Then she laughs again, and I’m starting to worry I really broke her. “Who am I kidding,” she says. “I knew how bad it was, and I did it anyway. I just never thought I’d end up on it.”
I won’t apologize to Victoria, not after all she did. What I did in comparison was nothing, but that doesn’t stop the ache inside.
I might find it in my heart to forgive her one day, but for now, I have to finish something I started long ago.
I don’t know how I find myself standing under his window. I don’t even know how I know which window is his.
I just do.
I kneel down and pick up a rock on the ground. I’m weighing it in my palm, trying to gauge how hard to throw it against is window without actually breaking it, when I hear another sound echoing to my left. I ignore it this time, determined to do this while I still have the guts.
But again, right before I can throw the stone, I hear that soft tap again.
That sounds. It’s almost as if …
I stop and squint into the dark. It takes a second, but I think I make out someone else standing at the end of the building. It’s a popular night for sneaking out.
While I watch, this second figure picks another rock off the ground, looks up, aims, and throws it up to tap against the window at the very end.
My window.
I take a hesitant couple steps towards the dark figure. As I do, the shadow shifts slightly so the light from one of the downstairs windows falls on his face.
“Astor?”
My voice carries across the empty, snow-covered ground like a whisper spoken between lovers.
He freezes and peers back at me, his eyes unbelieving.
“Teddy?”
I take a couple more steps, and then stop. “What are you doing?”
He glances back up at my window, and then shoves his hand, and the next stone he picked out, deep into his pockets. “I think that’s obvious,” he says, then he squints hard at me. “The real question is, what are you doing here?”
I look down at the rock in my hand, then hold it up for him to see.
“I think we both had the same idea,” I say, breathlessly.
This time when I look at him, I don’t see the man who betrayed me.
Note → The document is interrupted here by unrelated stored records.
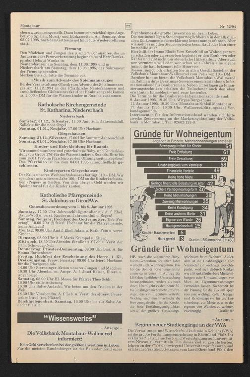 Diesen Immoblock erhalten Sie in allen Geschäftsstellen der Volksbank Montabaur-Wallmerod zum Preis von 10,— DM. Darüber hinaus bietet die Volksbank Montabaur-Wallmerod im Rahmen ihres Beratungs-Services einen kostenlosen Informationsabend für Bauherren an. Neben Unterlagen zu Finanzierungstechniken erhalten die Teilnehmer auch den oben erwähnten Immoblock — und zwar kostenlos.
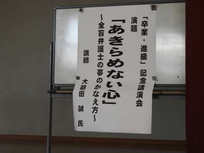 本日、5,6時間目は、卒業・進級記念講演会を開催しました。「あきらめない心か〜全盲弁護士の夢の叶え方〜」という演題でお話をしていただきました。体育館には400人の生徒と、一般の方々も参観に来てくださいました。
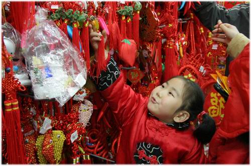小朋友商場選購春節(jié)飾品

I see the man I once cared for, the man I came to love. I see a man who was willing to give everything up to protect a girl he didn’t even like.
Even if it meant hurting himself in the process.
“Victoria told me,” I say, finally. The words come out easier than I thought. “Astor … what were you thinking?”
He looks away. A muscle bulges in his jaw as it works.
“I told you,” he says, quietly. “This world’s never what it seems.”
I shake my head. “But you hurt me, Astor. You hurt yourself. All of this, protecting her, was it worth it?”
Now he looks at me, really looks at me. “I don’t know, Teddy,” he says. “I’m not sure I’ll ever know.”
I can tell it takes everything in him to do it, but he straightens himself up with a steely resolve. “I know it’s too late for me. For us. But I hope, at least, that you understand why I had to do it.”
I hate to admit it, even to myself, but I kind of do.
Up until a couple months ago, I would have said no. I didn’t know the power, the draw, the responsibility that comes with money.